The kind of thing I read changes from year to year and even day to day. But I also find it hard to read and write at the same time, so there are periods when I don’t read as much as I would like.

When you’re not working or writing, what do you do to relax?

I probably spend way too much time curled up on the sofa binging Netflix (I miss Orphan Black!). But I’m a bit of a tinkerer. I always have a project going on — building something like a wall garden or a plant holder for the fish tank, knitting, bookbinding, restoring an old set of chairs, gardening. Basically I like to work out how to do something and once I have, I move on. Although the garden still wants to be weeded.

Finally

If you could only keep 3 books on your bookshelf, which ones would it be and why

Three? Seriously? Three? That’s cruel!

If I’m reduced to three, they would probably be books I have a sentimental attachment to.

I read my copy of Norton Juster’s The Phantom Tollbooth literally to pieces as a child. I didn’t know you could make words play like that. Luckily for me, my husband had read it too and we still quote bits to each other.

My copies of Ursula Le Guin’s Earthsea books are also in pieces, but that in itself is three. If I have to pick one it would the last, The Tombs of Atuan, because I didn’t realise until I was an adult that however much I loved Ged, the character of Tenar had so much more to say to me.

As for the third, I’m a sucker for 19thC female writers. I’m a big fan of Jane Austen (Persuasion and Emma over Pride and Prejudice) but in the end it would be a hard to choose between Charlotte Bronte’s Shirley and Elizabeth Gaskell’s North and South. Both are absorbing books that pull you into a world that was changing profoundly — in work, in politics, in the choices women had to live their lives.

 

Thank you so much Amanda and I’m sorry to be so cruel for only allowing you 3 books! 🙂

 

|   About the Book   |

 

A normal family. A quiet, leafy street. A terrifying epidemic.

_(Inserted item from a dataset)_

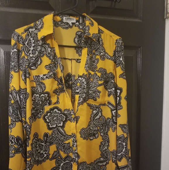 Express, "The Portofino Shirt". Gold with black flowers. Option to make sleeves three quarter length.
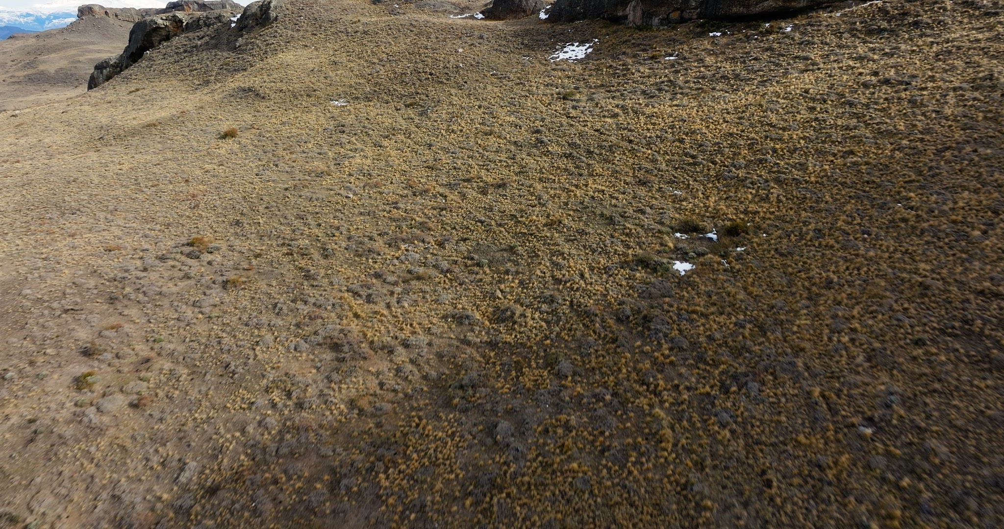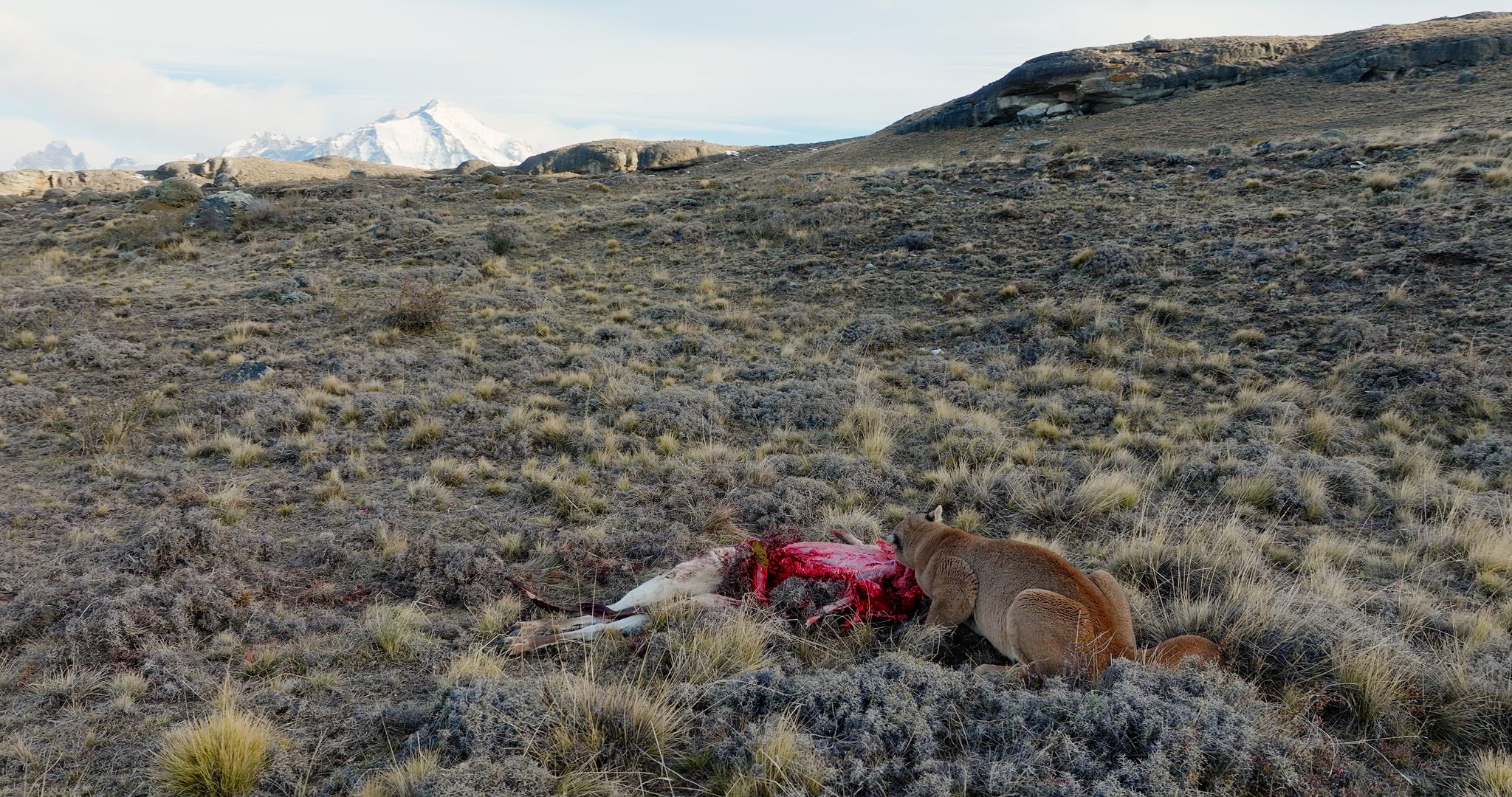 Discover an aerial pan and track in Patagonia near Torres del Paine, Chile. A puma cub drinks from a partially frozen puddle, then moves on, in a rugged landscape. The drone moves left while the camera pans right.

It’s been coming for a while: a lethal illness. With sons of five and fourteen to look out for, Hannah has been stockpiling supplies, despite everyone telling her that it’s unnecessary.

Then it arrives.

At first there are a few unconfirmed cases. Then a death. Now the whole city is quarantined. But Hannah’s family is not yet safe behind their locked front door…

Basics soon become luxuries, and neighbours become hazards. There are power cuts, food shortages and an ever-growing sense of claustrophobia. How will the family cope?

How would you cope?

How far would you go to protect your children?

 

BEFORE THIS IS OVER by Amanda Hickie is a powerful, thought-provoking drama that looks at one family in the heart of a devastated community and compels us to ask: how far would I go to save my children? ‘Shatteringly suspenseful…it’s impossible not to be super-glued to the page’ Caroline Leavitt, New York Times bestselling author of PICTURES OF YOU

Originally published under the title AN ORDINARY EPIDEMIC.

 

 

|   About the author  |

 

Amanda Hickie was born in Sydney and has lived in Australia most of her life. In 2000, she moved for some time to Canada, and was living there when Toronto was one of two centres of a SARS outbreak. Observing the news, and the response of those around her, she became interested in what decisions a family might have to make to survive an epidemic on the scale of the 1918 flu.

Amanda lives in Sydney with her husband, two sons and two cats.